Il procedimento è quello che ipotizza un’estorsione mafiosa commessa nel 2004, durante il periodo di latitanza, concluso 2 anni dopo a Marsiglia con la cattura della polizia. L’indagine, conclusa dal pubblico ministero Stefano Strino della Direzione distrettuale antimafia di Caltanissetta, è stata al centro di un altro processo a carico di alcuni uomini di fiducia del capomafia di Campobello di Licata, fra cui il favarese Vincenzo Parello e tre affiliati mafiosi del Nisseno: Maurizio Carruba, Alfredo Schillaci e Angelo Schillaci. L’accusa è quella di avere estorto 13 mila euro a un imprenditore favarese che stava facendo un investimento a Sutera, acquistando un impianto di bitume.
La Dda nissena ipotizza che Falsone, in quanto all’epoca rappresentante provinciale di Cosa nostra, avrebbe dato mandato di contattare l’imprenditore e imporgli la tangente nell’ambito di un accordo fra le due province dato che la vittima era di Favara ma l’impianto si trovava in provincia di Caltanissetta.
L’udienza preliminare, davanti al gup di Caltanissetta Emanuela Carrabotta, è stata così rinviata per l’impossibilità, esplicitata via mail dalla casa circondariale, di consentire al detenuto il diritto di confrontarsi col suo legale.
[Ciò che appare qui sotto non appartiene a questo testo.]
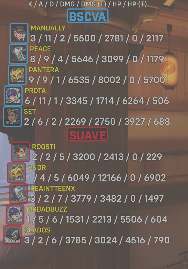 10 entries| Team | Player | Kills | Assists | Deaths | Damage | Damage (Taken) | Healing | Healing (Taken) |
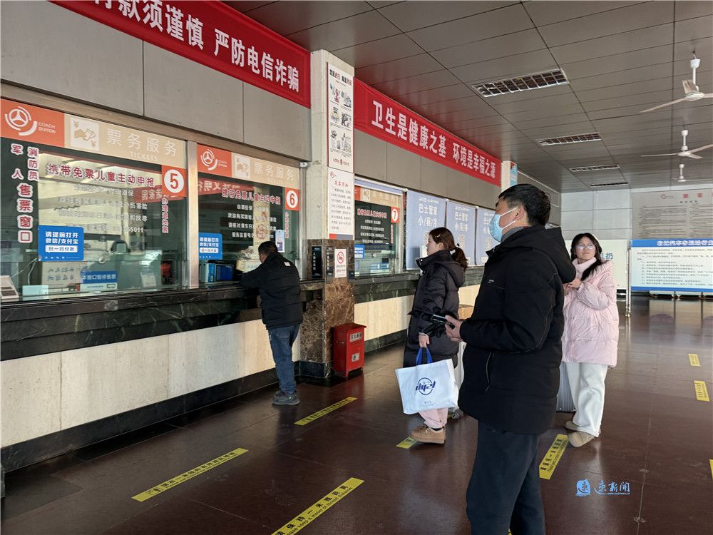家住宿城区蔡集镇的张李,今年春节,他的父母因工作原因无法返回宿迁,这让他决定提前前往苏州与他们团聚。他说:“父母在哪,家就在哪。”这句话,简单却饱含深情。1月26日上午9点多,张李就到达宿迁汽车客运站等待班车。过年前这段时间,张李想好好照顾父母,“过年前,家里肯定需要收拾一番,还有父母的一日三餐,平时他们都是买盒饭或是随便吃点应付,回到他们身边后,我想做饭给他们吃,好好照顾他们几天。”

E non è l’unico problema difensivo che riguarda l’ex numero 2 di Cosa nostra in Sicilia, condannato nei mesi scorsi a 22 anni di carcere per l’accusa di avere continuato a gestire gli affari di Cosa nostra dal carcere attraverso il suo ex legale Angela Porcello, a sua volta arrestata e condannata. «Nei prossimi giorni - aggiunge l’avvocato Garascia - scadono i termini per l’appello e non è stato ancora possibile parlare col mio cliente per valutare e concordare il da farsi, si tratta di una chiara violazione del diritto di difesa».